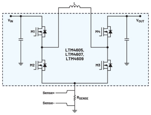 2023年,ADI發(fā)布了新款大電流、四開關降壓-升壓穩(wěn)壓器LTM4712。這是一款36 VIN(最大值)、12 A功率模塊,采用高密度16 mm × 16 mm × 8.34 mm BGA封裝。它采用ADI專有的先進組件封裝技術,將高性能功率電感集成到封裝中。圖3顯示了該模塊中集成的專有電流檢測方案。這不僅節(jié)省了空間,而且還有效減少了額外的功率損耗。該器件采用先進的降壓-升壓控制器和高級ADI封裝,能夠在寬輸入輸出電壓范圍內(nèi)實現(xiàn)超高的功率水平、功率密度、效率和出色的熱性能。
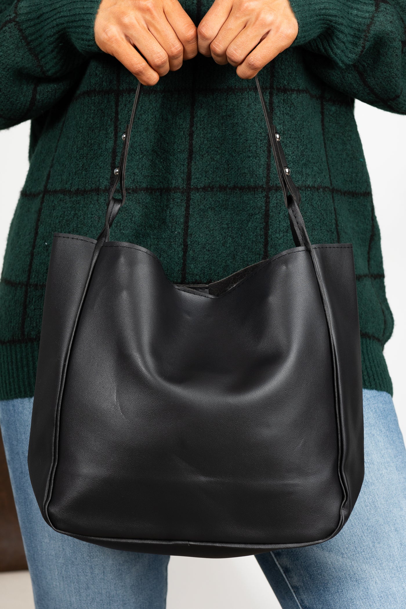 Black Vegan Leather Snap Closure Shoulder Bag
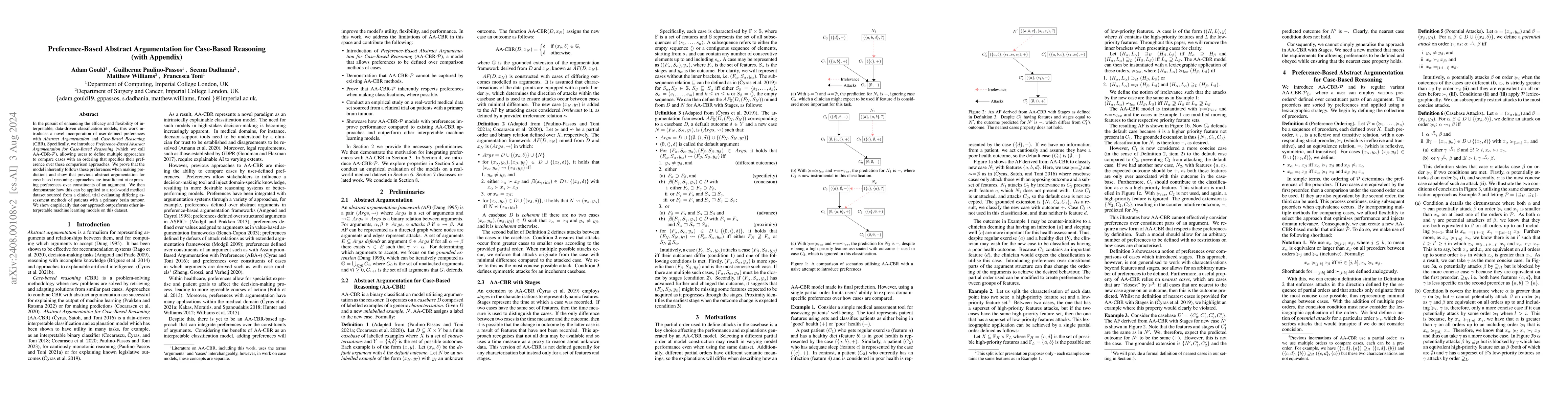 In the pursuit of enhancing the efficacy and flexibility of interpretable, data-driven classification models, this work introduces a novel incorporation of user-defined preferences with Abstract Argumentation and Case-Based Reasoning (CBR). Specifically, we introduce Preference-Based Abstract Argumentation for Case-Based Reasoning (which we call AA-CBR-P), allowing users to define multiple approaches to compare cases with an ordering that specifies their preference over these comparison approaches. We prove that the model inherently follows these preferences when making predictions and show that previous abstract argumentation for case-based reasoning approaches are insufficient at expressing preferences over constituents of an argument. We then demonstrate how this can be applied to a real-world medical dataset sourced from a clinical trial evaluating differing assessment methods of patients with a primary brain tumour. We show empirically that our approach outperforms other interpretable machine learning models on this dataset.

● **Problem to work on**
An exact copy is needed of the lines from the start of the listing through the line with "Black Vegan Leather", both end lines included and pictures excluded.

● **Finished exercise**
 2023年,ADI發(fā)布了新款大電流、四開關降壓-升壓穩(wěn)壓器LTM4712。這是一款36 VIN(最大值)、12 A功率模塊,采用高密度16 mm × 16 mm × 8.34 mm BGA封裝。它采用ADI專有的先進組件封裝技術,將高性能功率電感集成到封裝中。圖3顯示了該模塊中集成的專有電流檢測方案。這不僅節(jié)省了空間,而且還有效減少了額外的功率損耗。該器件采用先進的降壓-升壓控制器和高級ADI封裝,能夠在寬輸入輸出電壓范圍內(nèi)實現(xiàn)超高的功率水平、功率密度、效率和出色的熱性能。
 Black Vegan Leather Snap Closure Shoulder Bag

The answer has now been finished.